Primeiro Comando
Anteriormente: A Cidade na Fronteira da Eternidade
Já não basta Spock perder tudo que é jogo de xadrez tridimensional pro Kirk, ainda por cima quando tem seu primeiro comando, durante uma emergência na Galileo, nave auxiliar da Enterprise, é obrigado a confessar que não tem a mínima ideia do que fez de errado – todas as suas decisões foram lógicas e racionais e ainda assim ele perde dois homens e complica cada vez mais a situação.
Este episódio devia ser analisado pelo filósofo predileto deste saite (sorry, Sílvio Rabaça), Antônio Rogério da Silva, especialista em Teoria dos Jogos. O que acontece quando uma abordagem racional, em posição de desvantagem, encontra um desafio completamente irracional? A Enterprise manda uma equipe na Galileo estudar um daqueles fenômenos galáticos que acontecem toda hora em “Jornada nas estrelas” e a naveta despiroca e cai num planeta que, descobre-se depois, está cheio de homens da caverna gigantes e agressivos. E, como sempre, o mesmo troço cósmico que eles queriam estudar interfere com os sensores de Kirk e sua turma. Está tudo nas mãos do pessoal que caiu lá embaixo, chefiados por Spock, em seu, como ressalta McCoy, primeiro comando.

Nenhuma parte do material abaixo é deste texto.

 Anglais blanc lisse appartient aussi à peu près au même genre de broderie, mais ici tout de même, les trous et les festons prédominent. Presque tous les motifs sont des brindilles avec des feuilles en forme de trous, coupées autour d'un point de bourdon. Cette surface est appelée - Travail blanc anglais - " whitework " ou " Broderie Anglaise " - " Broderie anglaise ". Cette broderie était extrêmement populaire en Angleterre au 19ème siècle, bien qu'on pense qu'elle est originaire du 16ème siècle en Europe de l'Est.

É claro que, como sempre, há uma corrida contra o tempo, pois a Enterprise tem que levar medicamentos necessários para debelar uma epidemia num sistema distante. A Galileo precisa ser reparada e não tem energia suficiente pra levar todo mundo de volta – dois vão ter que ficar. Quando o frio vulcano diz que não fará um sorteio, mas escolherá pessoalmente quem permanecerá no planeta, começam suas desavenças com o grupo. E nós espectadores ficamos pensando qual o problema: uma vez chegando na Enterprise, por que eles simplesmente não diriam onde encontrar quem ficou lá embaixo?

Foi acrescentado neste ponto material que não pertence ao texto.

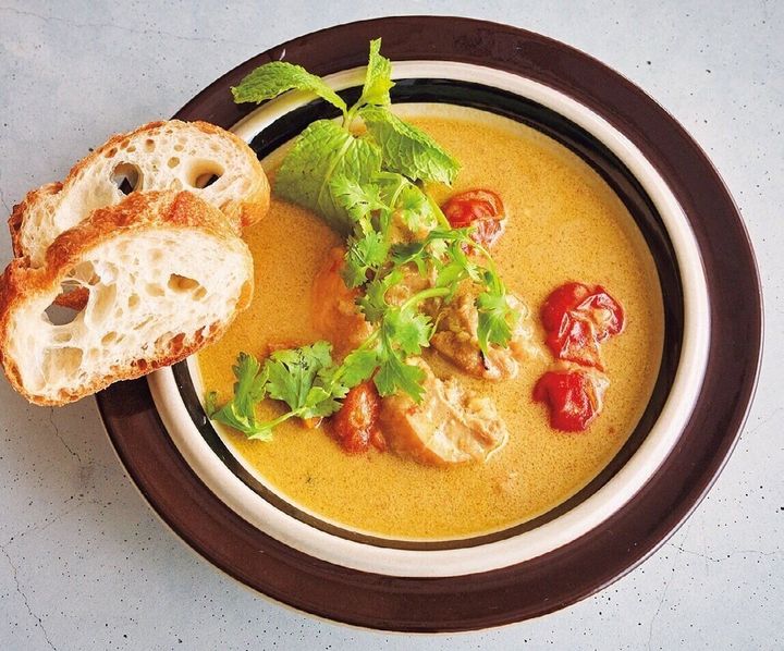 (3)[B]を加えて約10分煮たら、ココナッツミルクを加えて約10分煮る。器に盛り、好みでパクチー、ミント、バゲットを添える。
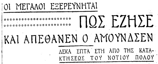 »Κατόπιν αυτού ο Αμούνδσεν εστράφη προς τον ανταρκτικόν, όπου κατηυθύνετο επίσης και ο πλοίαρχος Σκωτ, με την ελπίδα να εμπήξη την σημαίαν της Μεγάλης Βρεττανίας επί του Πόλου.
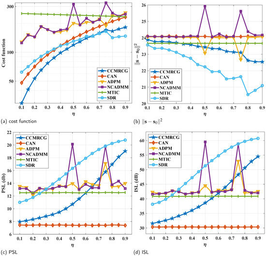 Figure 9 presents curves depicting different evaluation metrics in relation to . It is evident that when is small, the algorithm mainly focuses on optimizing the ISL of the waveform. As increases, there is a gradual shift towards attaching importance to target information. When , the cost function value of SDR is lower than that of CMMRCG. The reason is that SDR relaxes the rank-one constraint and uses the Gaussian randomization technique for exploring solutions within the feasible solution space. The higher the is, the closer to the designed sequence is, resulting in the reduction in the reliance on the ISL. Additionally, it seems that ADPM and NCADMM have no pronounced inclination towards target information with different compared to CCMRCG and SDR. This can be attributed to the modification of the update order of ADPM and NCADMM, which may lead to a bias towards maintaining the CMC rather than optimizing the objective function before achieving full convergence. This implies that the obtained sequence may not inherently contain updates pertaining to the target information from the objective function. This discrepancy also suggests that achieving convergence to a stationary point for these aforementioned methods may not necessarily be guaranteed under the condition of 2000 maximum iterations and the selected penalty coefficient. The presence of outliers on the curve of ADPM and NCADMM at and further substantiates our statements. Specially, the parameter values associated with the penalty coefficient need to be carefully chosen. However, as the primary focus of this paper does not revolve around ADPM and NCADMM, an extensive analysis was not conducted in this work; instead, they will be further discussed in ongoing research endeavors.
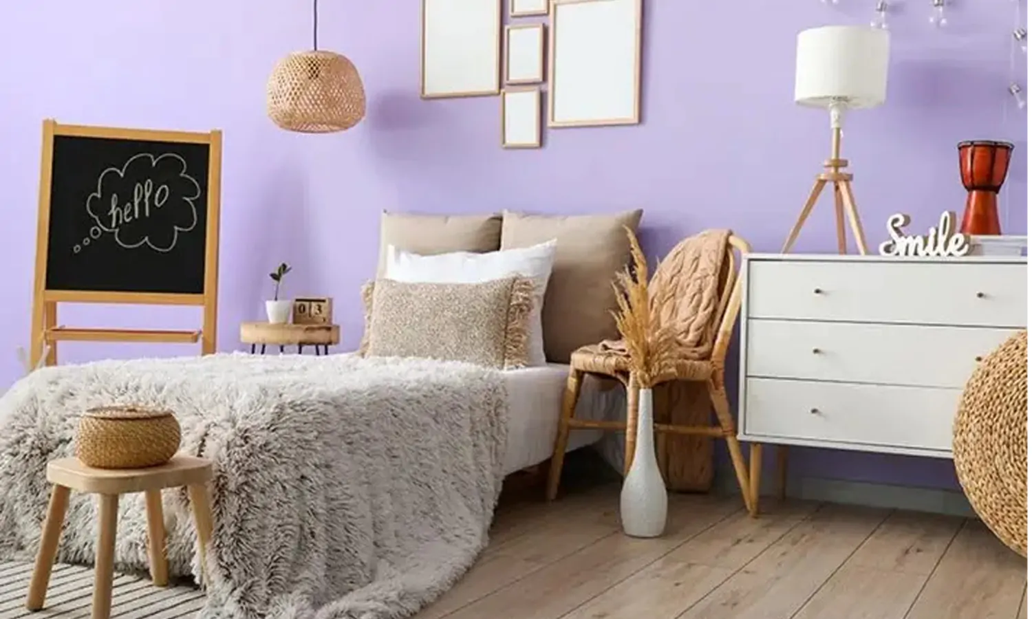 Kamu juga bisa kombinasikan dengan rona putih yang akan menghasilkan aura segar untuk menciptakan kesan sejuk dalam rumah. Warna lavender sangat cocok untuk diterapkan pada dinding kamar tidur.
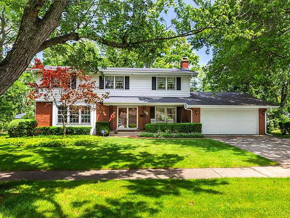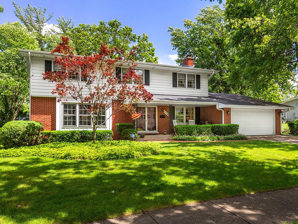 One of a kind two story with inviting front porch and teriffic open floorplan featuring large rooms. Located in desirable Maplebrook subdivision just 3 blocks to Trader Joes, Caseys grocery and more. Beautiful hardwood floors 1st and second floors(some are covered with carpet). Eat in kitchen with stainless appliances, corian countertops and slider to patio and well landscaped backyard. Family room runs the width of the house so you can see front and backyard and features huge windows and a limestone woodburing fireplace. Inviting dinging and living rooms. Large main level office and laundry. Huge master with remodeled luxury bath featuring vaulted ceiling with skylight, adult height vanity and spacious walk in shower. 3 additional large bedrooms up and a remodeled hall bath featuring vaulted ceiling with skylight, dual sinks and bathtub with shower. Unfinished basement with recreation room. Backyard oasis with large patio overlooks mature trees and neighboring yards. Newer mechanicals and roof. Minutes away from downtown Naperville, parks, bike trails, and restaurants. Located in an award-winning school district 203: Elmwood Elementary, Lincoln Middle School, and Naperville Central High School. This home is a Treasure! Roof is 15 yrs old, New high efficiency furnace 2023, Air conditioner 2007, Hot water heater 2012.

A resposta é que o mundinho é habitado por humanóides gigantescos na Idade da Pedra que eliminam logo um camisa-vermelha. Spock recusa-se a tentar matá-los com os phasers, preferindo assustá-los com tiros a esmo, já que a superficie parece toda recoberta com gelo seco e torna difícil a visualização dos nativos. Só que eles não ficam assustados muito tempo e logo acabam com outro sujeito. E o vulcano tem que tomar uma difícil decisão quando Scott informa que a única chance deles é usar a energia dos phasers para abastecer a naveta. Um artifício de roteiro, diga-se de passagem, simples e elegante, distante do que teríamos na “Nova geração” (“tive uma ideia, Geordi, se ligarmos em linha os solenóides neutrônicos dos phasers, talvez pudéssemos induzir uma reversão protônica nos cristais de dilitium e iniciar uma reação em cadeia”).

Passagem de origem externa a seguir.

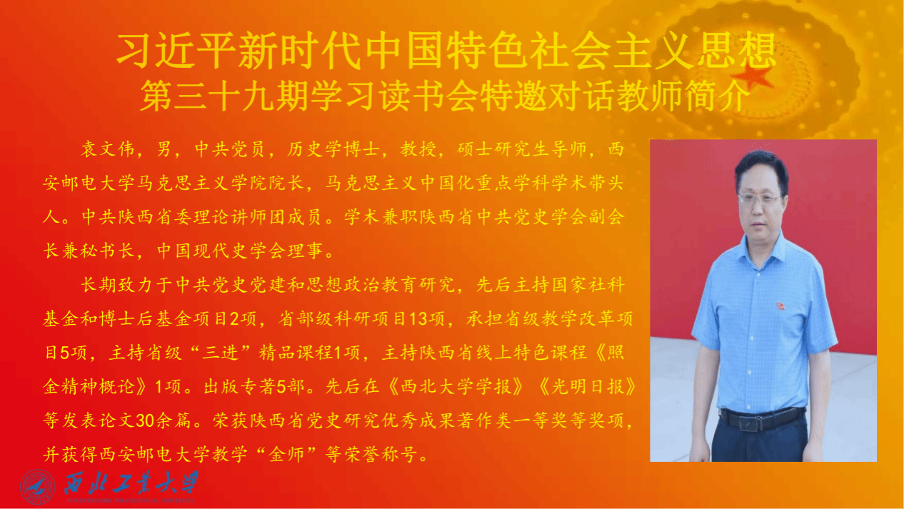 袁文伟,男,任西安邮电大学必赢bwin官方网站院长,马克思主义中国化重点学科学术带头人。中共陕西省委理论讲师团成员。学术兼职有陕西省中共党史学会副会长兼秘书长,中国现代史学会理事。袁教授长期致力于中共党史党建和思想政治教育研究,先后主持国家社科基金和博士后基金项目2项,省部级科研项目13项,承担省级教学改革项目5项,主持省级“三进”精品课程1项,主持陕西省线上特色课程《照金精神概论》1项。出版专著5部。先后在《西北大学学报》《甘肃社会科学》《晋阳学刊》《光明日报》等发表论文30余篇。先后荣获陕西高校人文社会科学研究优秀成果三等奖、陕西省党史研究优秀成果著作类二等奖、陕西省党史研究优秀成果著作类一等奖等多项奖项,曾获陕西省人文社会科学青年英才计划、西安邮电大学“西邮新星”团队建设等计划支持,并被评为学校优秀共产党员、西安邮电大学优秀党务工作者、西安邮电大学“四有好老师”、西安邮电大学教学“金师”诸多荣誉称号。
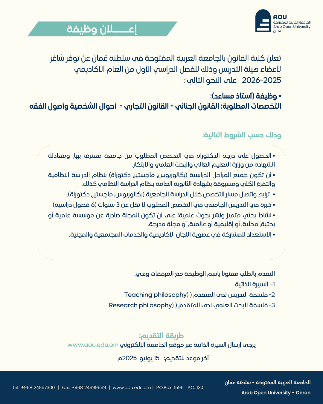 © الجامعة العربية المفتوحة - عُمان 2021 جميع الحقوق محفوظة.
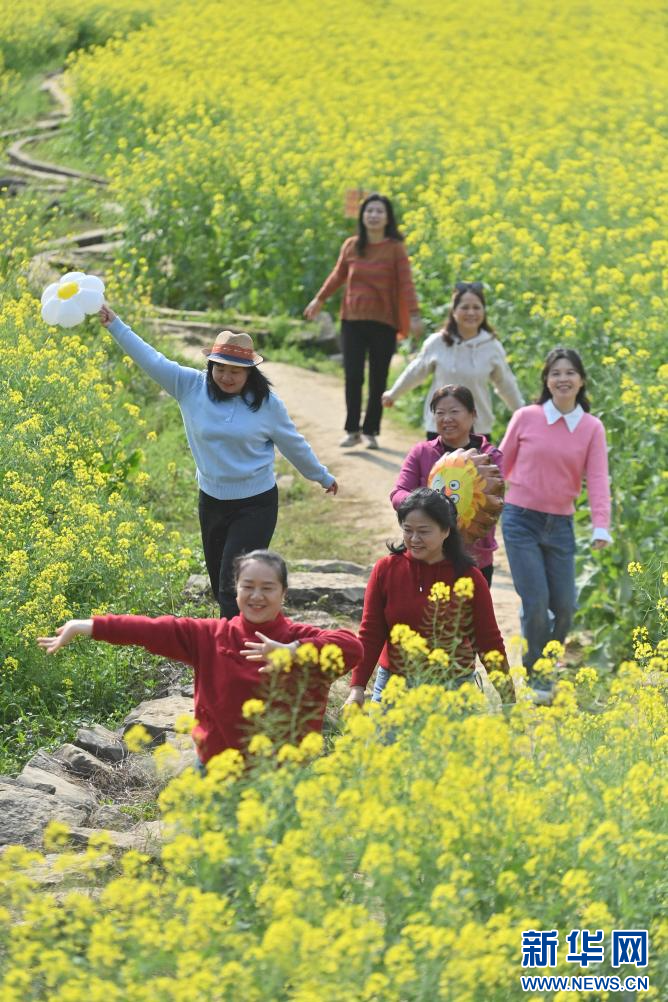 游客在廣西融水苗族自治縣融水鎮新國村的油菜花地踏青游玩(3月21日攝)。
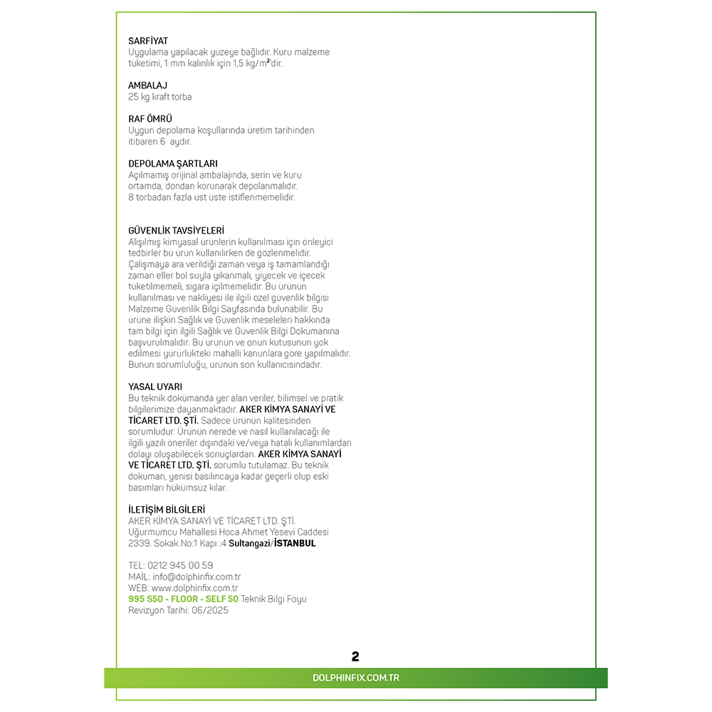 TANIMI : 995 S50 – FLOOR – SELF 50, Çimento esaslı, ince uygulamalar için gelistirilmis, yüksek akıcılıga sahip, kendiliginden teraziye gelen özel tesviye sapıdırLOOR – SELF 50, Çimento esaslı, ince uygulamala için gelistirilmis, yüksek akıcılıga sahip, kendiliginden teraziye gelen özel tesviye sapıdır.

Com dois mortos – o número perfeito pra Spock não ter que escolher quem ficará no planeta – e cercados por humanóides gigantes, o vulcano tem que enfrentar a rebeldia de sua pequena tripulação, que por pouco não se amotina. Quem principalmente parece culpar o sr. Spock por tudo é o tenente Boma, o que soa injusto, já que ele é interpretado por Don Marshall, o futuro copiloto de “Terra de gigantes”. Tudo bem que Roddenberry queria enfatizar a multiculturalidade em sua série, mas dado o que acontece com ele aqui e no seriado de Irwin Allen, seu pé frio deveria ser mantido longe da ponte de comando de qualquer nave do Universo!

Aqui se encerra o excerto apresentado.